Девушки отдыхали в душистой, прохладной тени, сквозь решетчатые стены дул мягкий озёрный ветерок. И не заметила Ксана, как задремала, а когда проснулась, был уже вечер. Взглянула на часы — около восьми. Вспомнила — встреча с Вандышевым в десять ноль-ноль. «Можно еще чуточку поваляться, потом — к тете Паше чай пить, а потом… Снова ночь целую сидеть на заборе, неизвестно только зачем. Мог бы он все-таки и объяснить, этот прекрасный Леня. Не счел… А если я возьму да и обижусь? Об этом он не подумал…» Издалека слабо доносились звуки радиолы, музыка, пение.

— Гляди-ка, — завистливо проговорила Люба, — студенты дрозда дают. Веселятся. А у нас тут скучища. Спать ложимся засветло. Во, везет.

— Ой, девочки, — перебила Иришка, — там танцы каждый вечер. Мне одна здешняя девчонка сказала, все деревенские ходят в лагерь. Вот бы и нам! Там и кино бывает.
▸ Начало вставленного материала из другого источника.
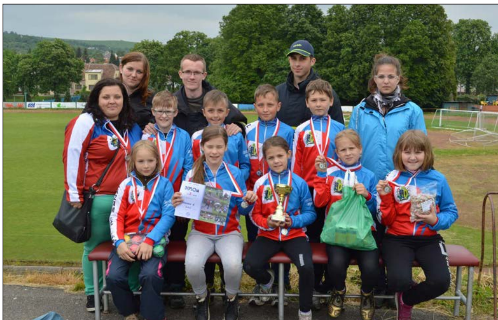
Družstvo mladších žáků Drnovice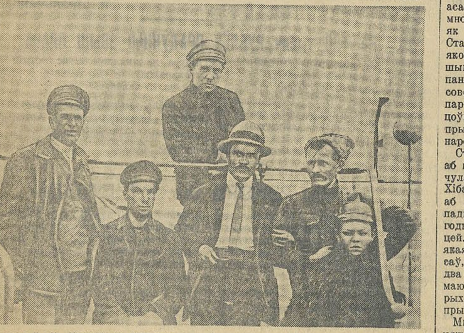
Таварыш В. М. Молатаў на агітаварондзе «Красная асада» у перыяд грамадзянскай вайны (1919 год).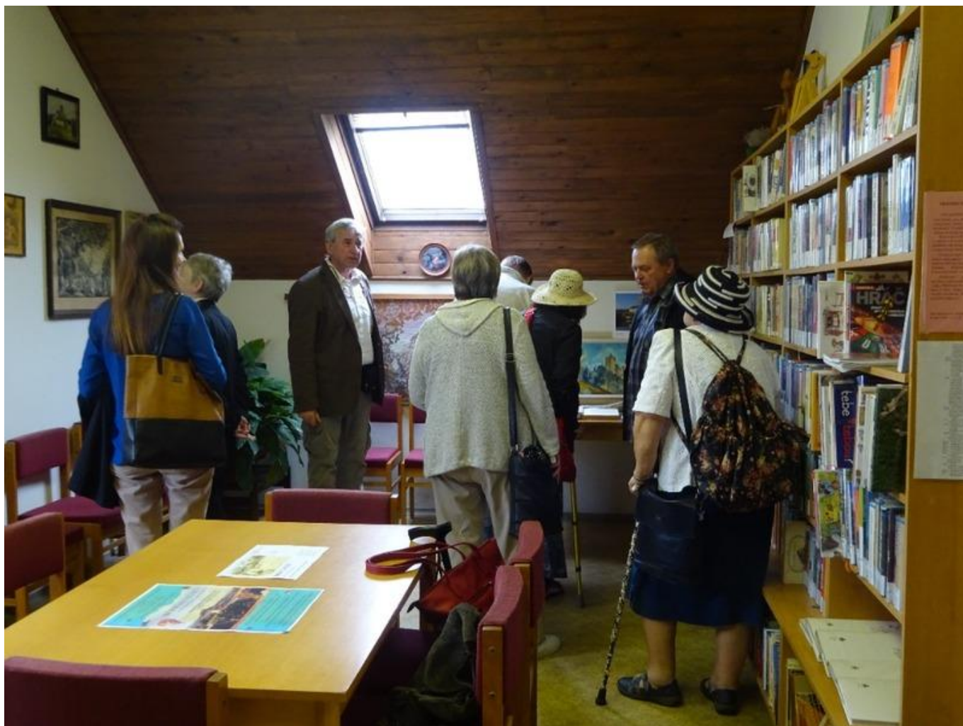
[13] Prohlídka výstavy v libošovické knihovně

— Уж и кино! — не поверила Люба.

— Эта девчонка говорила, на той неделе что-то с участием Чаплина крутили. Старую какую-то ленту.

— Почему бы и нам не пойти? — Ксана приподнялась на локте, поглядела сквозь щель на улицу.

Вечер был теплый, тихий, по небу, еще светлому, подсвеченному розовым закатом, плыл тонкий месяц. Со стороны лагеря временами слышались отдаленные голоса, смех. Но вот совсем близко заиграла музыка. Тихое, кроткое позвякивание. Будто кто-то осторожно пощипывал струну, потом, разойдясь, давал мелодии волю. Звучало то глухо, деревянно, то нежным серебристым тремоло.

— Что это? — удивилась Ксана. — На гитару непохоже, цимбальчик, что ли?

— Ой, да Родионыч же! — засмеялась Иришка. — Конечно, он!

— Даешь, — не поверила Люба.

— Он, он. Я раз даже видела: сидит и на какой-то штуковине наигрывает. Не поняла только, на чем. Маленькая такая, вроде игрушечной, мандолина, что ли, или балалайка. Вера Степановна сказала — сам смастерил.

— Гляди-ка, отдышался, значит, — Люба хмыкнула. — Я думала, рассыпался по косточкам пенсионер, все, конец. А он еще ничего, дышит!

Молча полежали еще.

— Чаю хочется. — Иришка потянулась, зевнула. — Встали, девочки, а?

Одна за другой спустились, выбрались на волю. Уже стемнело. В палисаднике пахло душистым табаком, окна в доме не светились. Значит, тетя Паша ушла куда-нибудь или отдыхает. Подруги присели на лавочку у калитки, стали ждать… Мимо палисадника торопливо прошли две девушки в брюках и нарядных капроновых куртках, их оживленные голоса еще долго слышались в темноте.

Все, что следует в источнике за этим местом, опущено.